AFT President Randi Weingarten traveled to Houston Sept. 15-16 to meet with people affected by Hurricane Harvey. Although most of the city's schools reopened on Sept. 11, several campuses remain closed while they are being repaired, and some schools are doubling up with other schools until repairs are complete. Weingarten began her day at one such school: Holland Middle School has welcomed students from nearby Robinson Elementary, a school that suffered extensive damage from the storm.
At Holland, Weingarten met with educators and students from both schools. The students received free books and supplies through the Essentials for Kids Fund, a partnership that includes the AFT, First Book and the Barbara Bush Houston Literacy Foundation. The fund was set up to provide books and supplies to educators, students and schools following the hurricane.
"The first question we asked is, 'What can we do? ' " said Weingarten. "A union is a family, and we are doing what we can to help educators and students deal with the impact of Hurricane Harvey."
"I'm proud that we're playing a small role in helping bring resources together to teachers who have been affected in their classrooms by a loss of materials and supplies," said Neil Bush (the son of Barbara and George Bush), who attended the giveaway, along with Houston schools superintendent Richard Carranza and Kyle Zimmer of First Book.

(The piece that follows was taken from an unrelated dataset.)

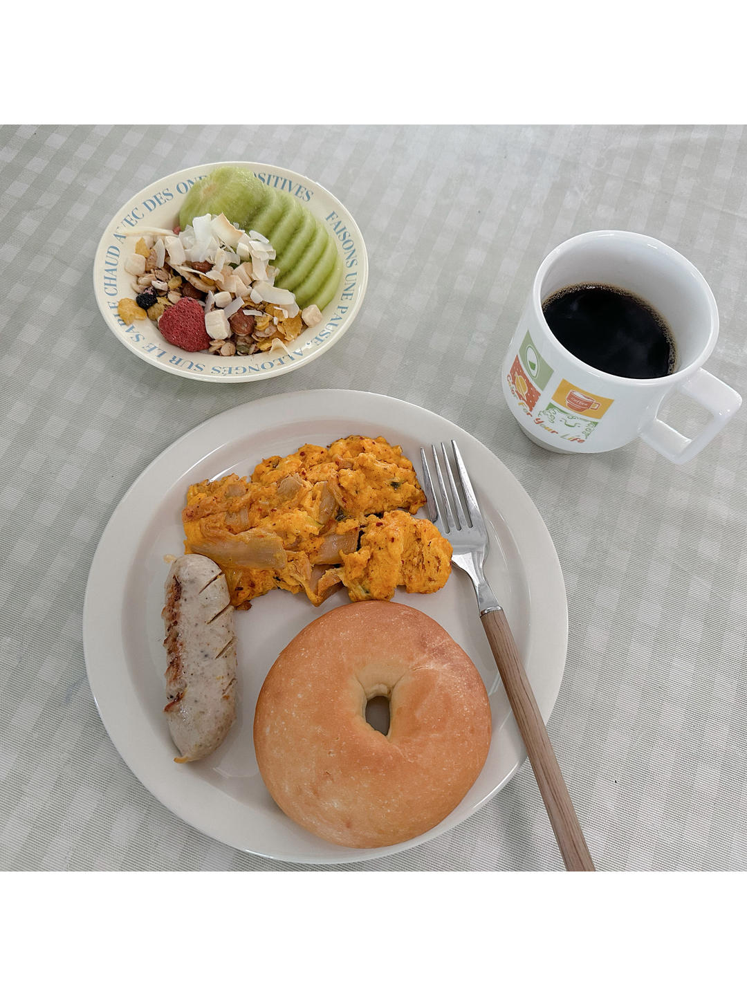 米面包、泡菜炒蛋、香肠、酸奶碗、咖啡

"To know that you all are providing books for us is amazing," said Michelle Collins, a fifth-grade teacher at Robinson. Being displaced from her school has been challenging, especially since all of her books were lost to the hurricane, she said. "I'm excited because the students actually have something that's on their reading level and interest to read, so it's making my job easier and bringing joy to the kids to be able to read books again."
Cleanup continues in Houston communities, and Weingarten was able to meet with teachers who were displaced and union members who are volunteering with the cleanup and rebuilding efforts.
"Harvey took a toll on many of our members, but Houston is strong and we'll bounce back," said Houston Federation of Teachers President Zeph Capo, who is an AFT vice president. "We've identified 1,200 of our members who were impacted by the storm, and we're getting resources to them and helping them get access to things they need to start rebuilding their lives and move forward."
Union members are not only helping with cleanup, but many are also stepping up in other ways. In her recent column, "The everyday heroes of the hurricanes," Weingarten points to Kristen McClintock, a special education teacher at Houston's Westside High School and HFT member as a great example of this. McClintock and her colleagues organized 150 teachers to go into shelters after the storm to provide a place that was safe, quiet and calm to help students regain a sense of normalcy. The teachers provided toys and noise-reducing headphones to help children cope.
"Being in a shelter is chaotic enough on its own," said McClintock, who noted that she was specially seeking out children who might have disabilities or challenges.
As Weingarten's visit came to a close, her message to teachers and volunteers was clear: "We are here to say that we stand with you, we are here for you, and we will continue to be by your side as you recover and rebuild. That's who we are as educators and union members."